• _EXERCISE REQUIREMENTS_: Write out the lines of the material below exactly, beginning at the line with "之后她又说终于改掉了自己的微" and stopping after the line with "Image: A Chinese", and leave out the pictures.

• _DATA PROVIDED_:
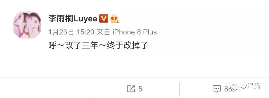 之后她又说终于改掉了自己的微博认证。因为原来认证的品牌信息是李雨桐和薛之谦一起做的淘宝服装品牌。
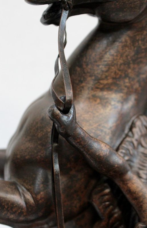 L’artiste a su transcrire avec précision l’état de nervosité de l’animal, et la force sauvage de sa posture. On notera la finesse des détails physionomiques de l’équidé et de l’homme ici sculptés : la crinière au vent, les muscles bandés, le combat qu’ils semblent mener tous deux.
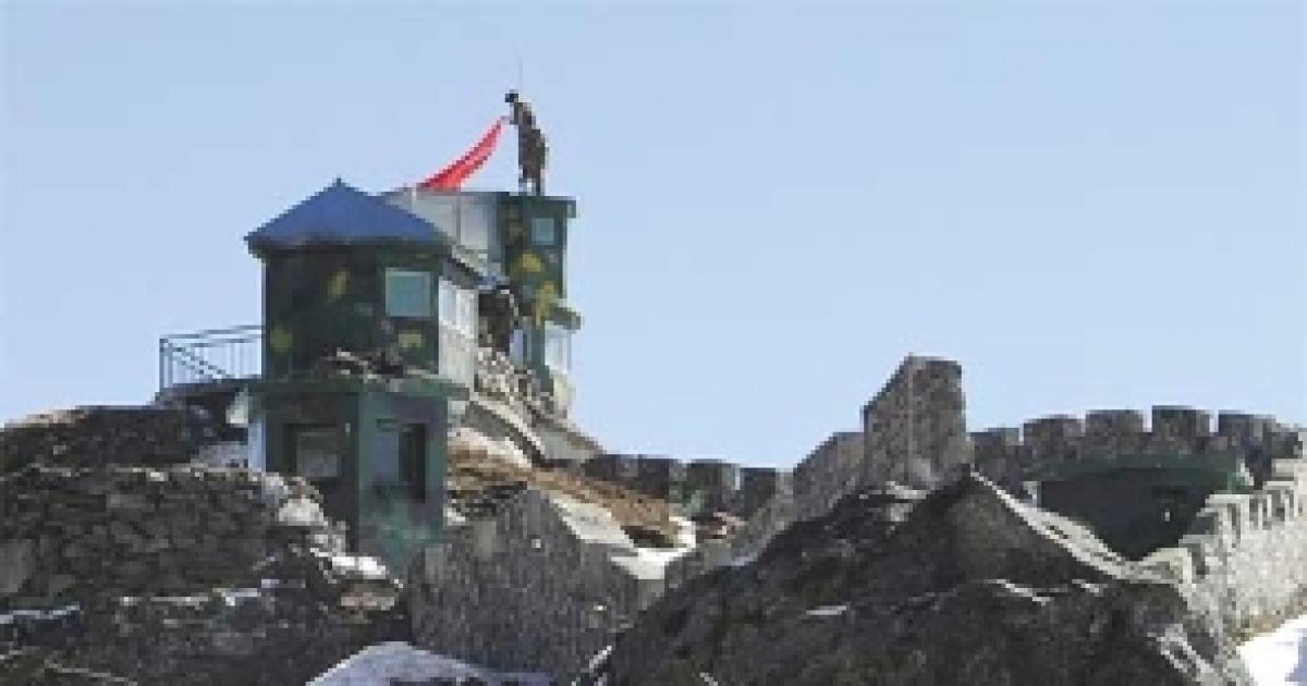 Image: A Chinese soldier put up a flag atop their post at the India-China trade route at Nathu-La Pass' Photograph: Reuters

---

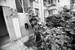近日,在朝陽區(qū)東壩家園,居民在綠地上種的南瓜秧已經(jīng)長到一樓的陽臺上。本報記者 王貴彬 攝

• _EXERCISE RESPONSE_:
 之后她又说终于改掉了自己的微博认证。因为原来认证的品牌信息是李雨桐和薛之谦一起做的淘宝服装品牌。
 L’artiste a su transcrire avec précision l’état de nervosité de l’animal, et la force sauvage de sa posture. On notera la finesse des détails physionomiques de l’équidé et de l’homme ici sculptés : la crinière au vent, les muscles bandés, le combat qu’ils semblent mener tous deux.
 Image: A Chinese soldier put up a flag atop their post at the India-China trade route at Nathu-La Pass' Photograph: Reuters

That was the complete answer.